*** DATA SUPPLIED Section Begins ***

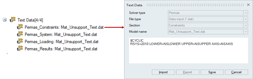 On import of solver deck the unsupported cards in $CONSTRAINTS, $SYSTEM, $LOADING, $RESULTS and $MATERIAL section are stored in the form of text.
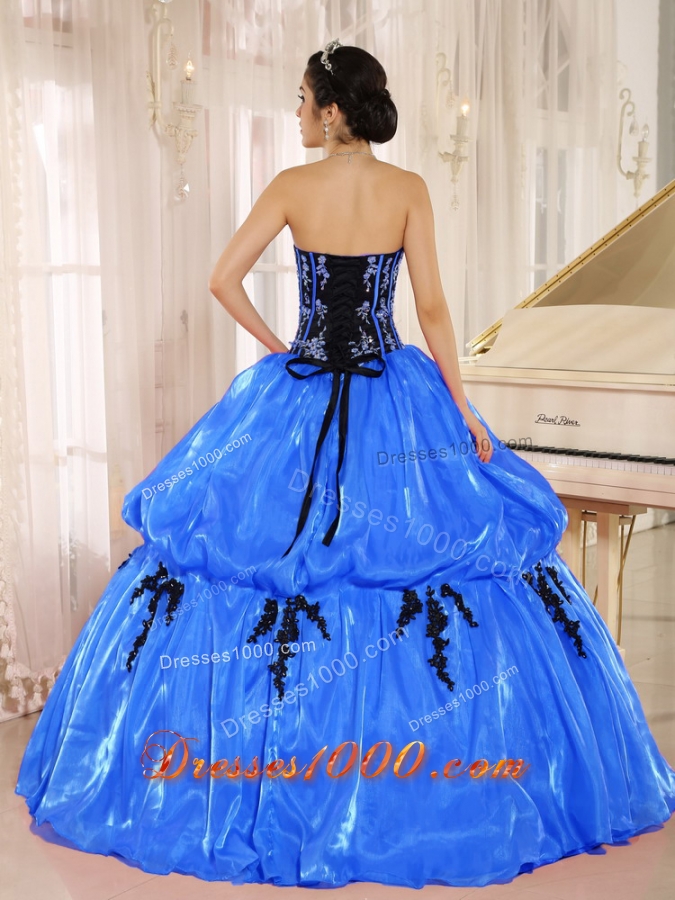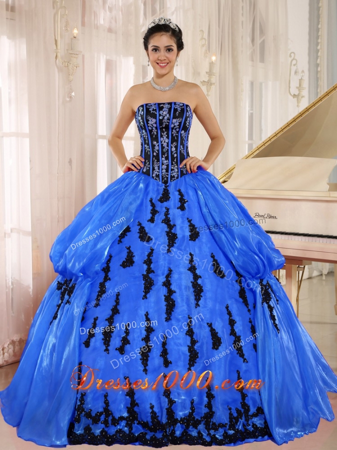 Blue 2014 New Arrival Strapkess Embroidery Decorate For Quinceanera Dress
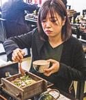 「古御膳」は3月、サンラポーむらくもの料理長に就任した和食が専門の幸野光宏さん(45)が考案。泥臭さがあるスズキを地元の宝箱(松江市大庭町)の緑茶を使用し、臭みを消して天ぷらにした。
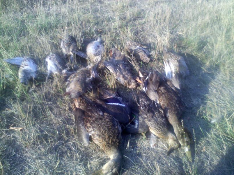 Утром в субботу с подхода крякаша промазал... Бывает... Потом шарахались по озерам... Вылетела стайка... Две больше не летали:
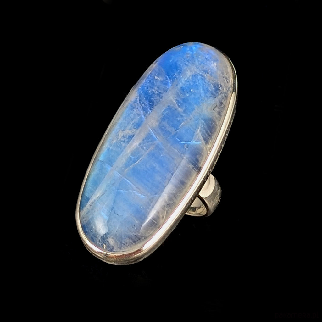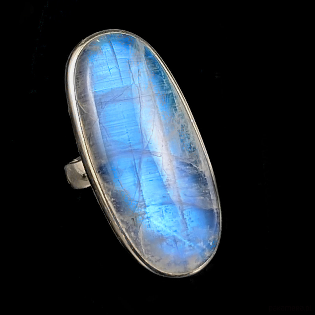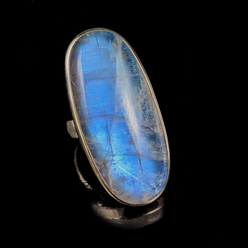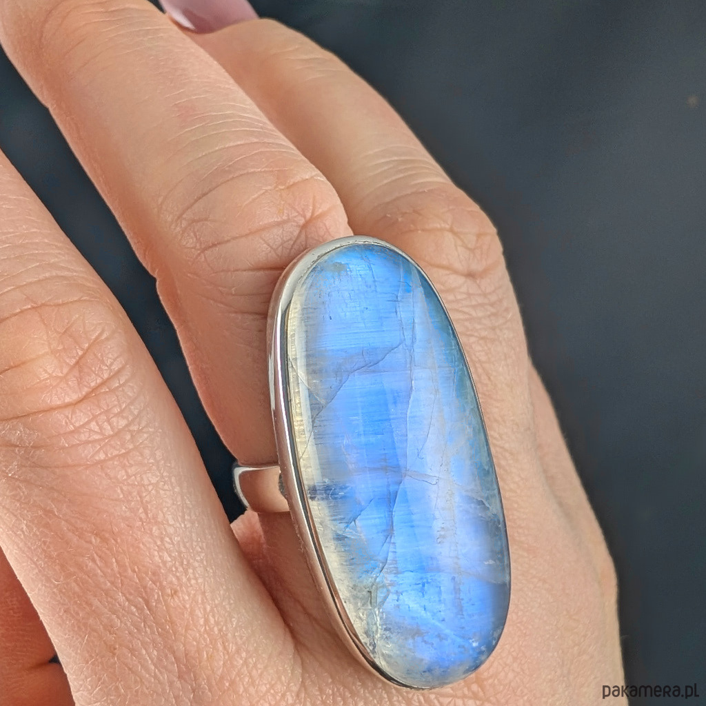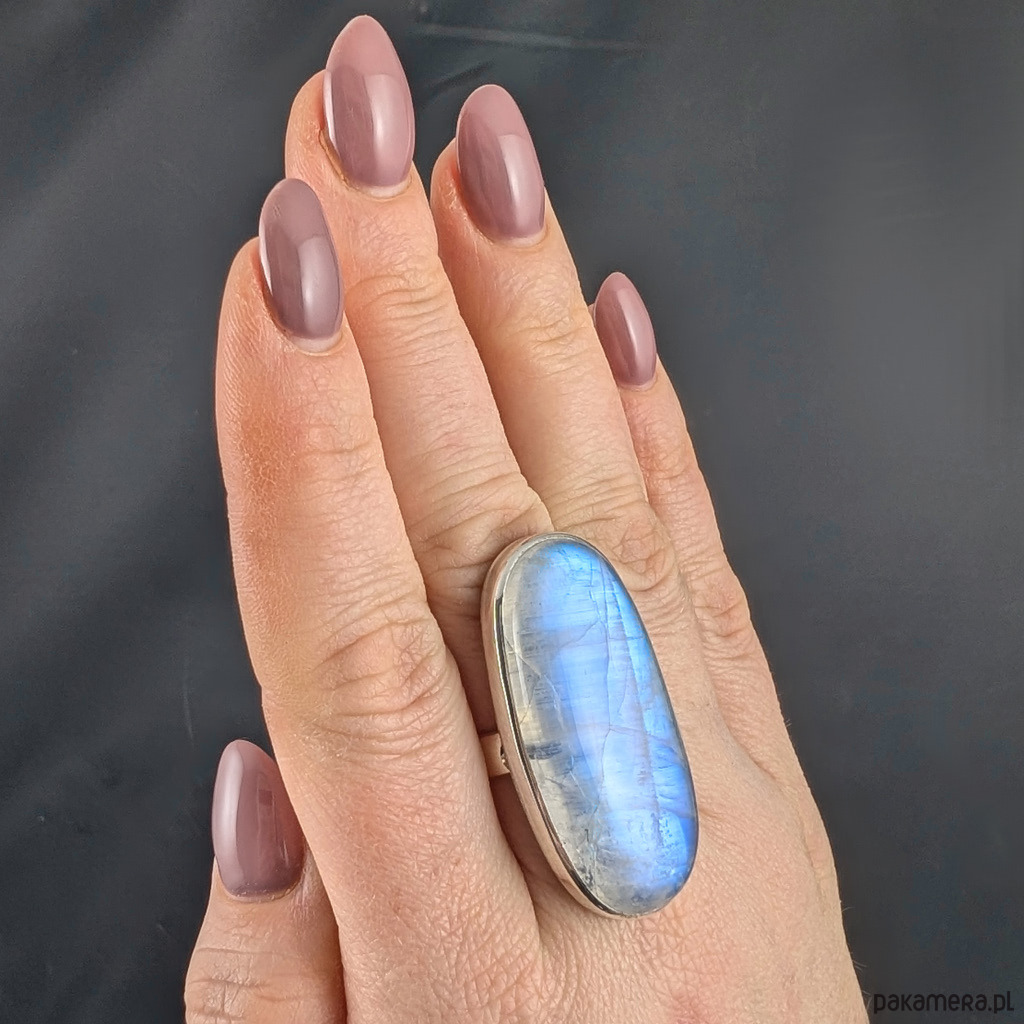 Ogromny pierścień z oprawionym w srebro próby 925 pięknym kamieniem księżycowym o błękitnej poświecie . Szerokość obrączki 5 mm. Kamień ma oprawę 42 x 22 mm. Rozmiar jubilerski regulowany w wąskim zakresie 16-21, po zakupie dopasuję do odpowiedniego rozmiaru. Waga 20 gramów. Wykonany przez dostawcę kamieni, Pierścień zapakowany zostanie w ozdobne pudełeczko.
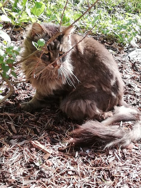Lyder navnet sitt, M mønsteret i pannen, litt løve manke, kroppen har kortere pels enn beina, hodet og halen. Litt skeptisk til ukjente, glad i vanlig mat. Heller vanlig bondekost fremfor sitt spesialfòr for pelsen sin. Elsker kos og nærhet. Mindre glad i små barn..❤️❤️❤️
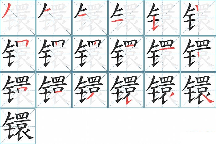 镮是左右结构,镮的部首是“钅”,部外笔画13画,总笔画18画,镮的笔画顺序是“撇、横、横、横、竖提、竖、横折、竖、竖、横、横、竖、横折、横、撇、竖提、撇、捺”。看看“镮”字什么意思 >>
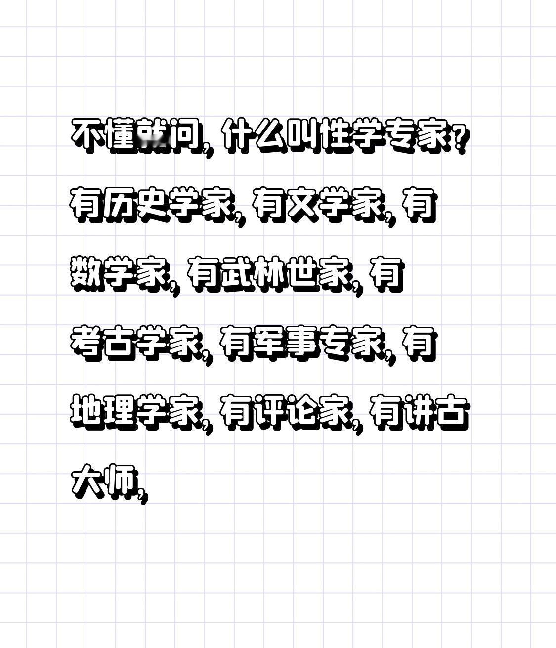 不懂就问,究竟什么是性学专家? 世间有历史学家、文学家、数学家,也有武林世家、考古学家、军事专家、地理学家、评论家、讲古大师、航海家。 这性学专家,性这方面究竟有什么值得研究的呢? 性学专家到底是怎么回事? 有谁能懂?
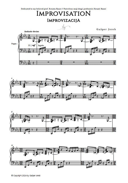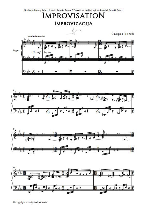 Improvisation for the organ is based on an introductory theme characterized by rhythmic complexity, which predominates over melodic qualities. In the piece's middle section, new sound material appears, which, through a creative combination with motifs from the introductory theme, gradually leads to virtuosity in the concluding section. The piece Improvisation is dedicated to Ms. Renata Bauer, my organ professor at the Academy of Music in Ljubljana.

*** DATA SUPPLIED Section Ends ***

» **WHAT YOU HAVE TO DO**
From the records above, write out exactly the lines that begin at the line with "Blue 2014 New" and end at the line with "Утром в субботу". Pictures must not appear in the output.

» **ANSWER**
 Blue 2014 New Arrival Strapkess Embroidery Decorate For Quinceanera Dress
 「古御膳」は3月、サンラポーむらくもの料理長に就任した和食が専門の幸野光宏さん(45)が考案。泥臭さがあるスズキを地元の宝箱(松江市大庭町)の緑茶を使用し、臭みを消して天ぷらにした。
 Утром в субботу с подхода крякаша промазал... Бывает... Потом шарахались по озерам... Вылетела стайка... Две больше не летали:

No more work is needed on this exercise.